Tuning the ARIMA Model

Week 9 | Lesson 4.1

LEARNING OBJECTIVES

After this lesson, you will be able to:

Incorporate Seasonal factors in the ARIMA model
Add Seasonal factors to your ARIMA model to tune the predictions
Demonstrate the use of differencing in analysing Time Series data

STUDENT PRE-WORK

Before this lesson, you should already be able to:

Train the ARIMA model
Compute differences in Time Series data
Analyse the output of ACF and PACF graphs to determine necessary transformations

INSTRUCTOR PREP

Before this lesson, instructors will need to:

Read in / Review any dataset(s) & starter/solution code
Generate a brief slide deck
Prepare any specific materials
Provide students with additional resources
Read following note, decide student approach, prepare environment

STARTER CODE

Code Along

IMPORTANT NOTE! At the time of writing, SARIMAX is not included in the stable release of statsmodels. Students will need to install the development version of statsmodels (>= 0.7) in a conda env by entering the following commands in their terminal. Please do this at the beginning of class if you would like them to code along with you, or before they begin lab 4.2 if they will just be watching your live-coding.
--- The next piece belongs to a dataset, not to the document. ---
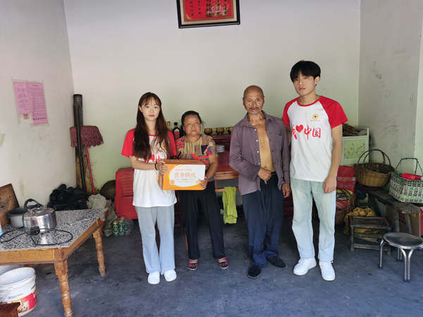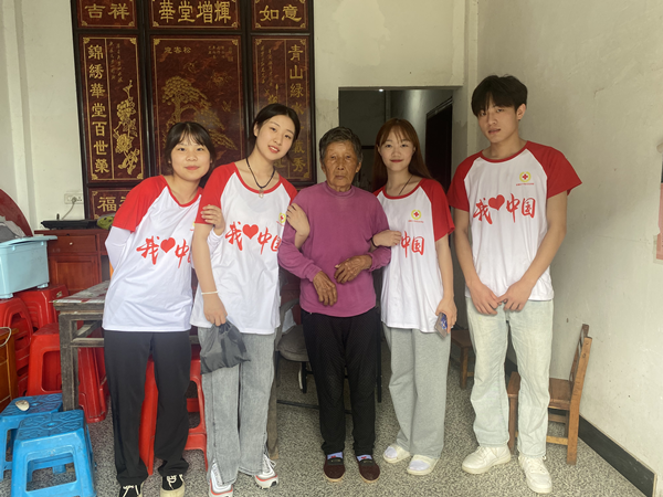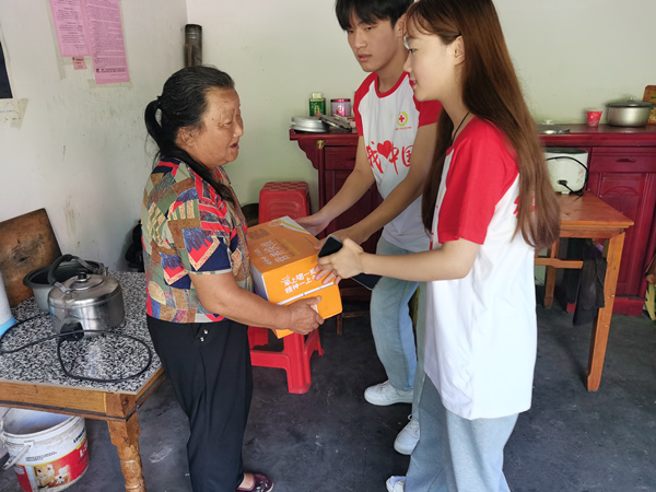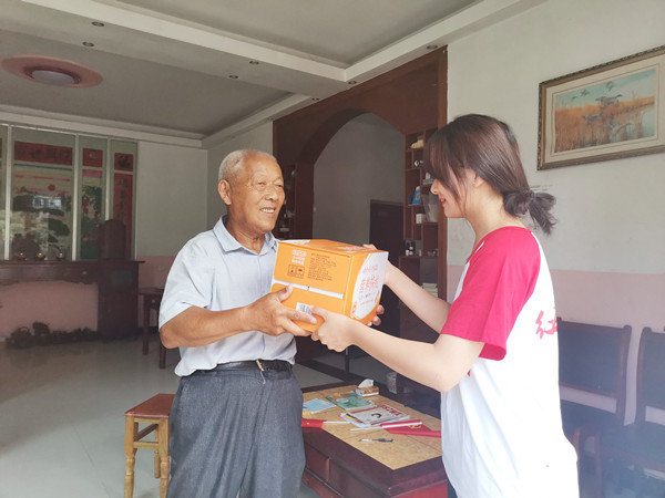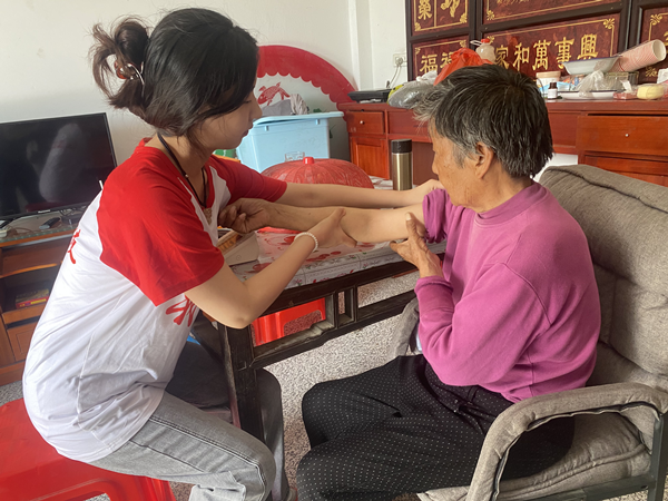 ? ? ? ?時(shí)值晌午,伏天里的太陽(yáng)炙烤著水泥馬路,四面圍山的千坪村沒(méi)有一絲涼風(fēng)。在孤寡老人家中,隊(duì)員們與老人聊天談心,幫助他們測(cè)量血壓,為他們送去慰問(wèn)品?!懊佬∽o(hù)”握著孤寡老人的手,與他們面對(duì)面對(duì)面,心貼心,了解他們的身體情況和心理情況,幫他們做家務(wù),干農(nóng)活,并結(jié)合自身所學(xué)的專業(yè)知識(shí),普及健康常識(shí),叮囑老人注意飲食起居,提供美小護(hù)們力所能及的幫助。老人們因“美小護(hù)”的到來(lái)感到溫暖與快樂(lè)。

conda create -n statsmodeldevenv python=2.7 pandas numpy scipy ipython jupyter patsy cython matplotlib
source activate statsmodeldevenv
git clone git://github.com/statsmodels/statsmodels.git
cd statsmodels/
python setup.py install

LESSON GUIDE

TIMING	TYPE	TOPIC
10 min	Opening	Opening
15 min	Introduction	Seasonal ARIMA
10 min	Discussion	ACF/PACF Usage
15 min	Codealong	European Retail Trade Data EDA
15 min	Codealong	European Retail Trade Data Modeling
10 min	Introduction	The Ljung-Box Test
25 min	Demo	Tuning SARIMA
10 min	Codealong	Predictions
10 min	Conclusion	Topic description

Opening (10 mins)

Thus far we have investigated the Non-Seasonal ARIMA model. If you recall, at the end of our last lesson, we were stuck with a sub-optimal model. Can you recall exactly why we were unable to tune our parameters further?

Answer: The issue came down to seasonality, but more specifically:

Increasing p would increase the dependency on previous values further (longer lag), but this isn't necessary past a given point.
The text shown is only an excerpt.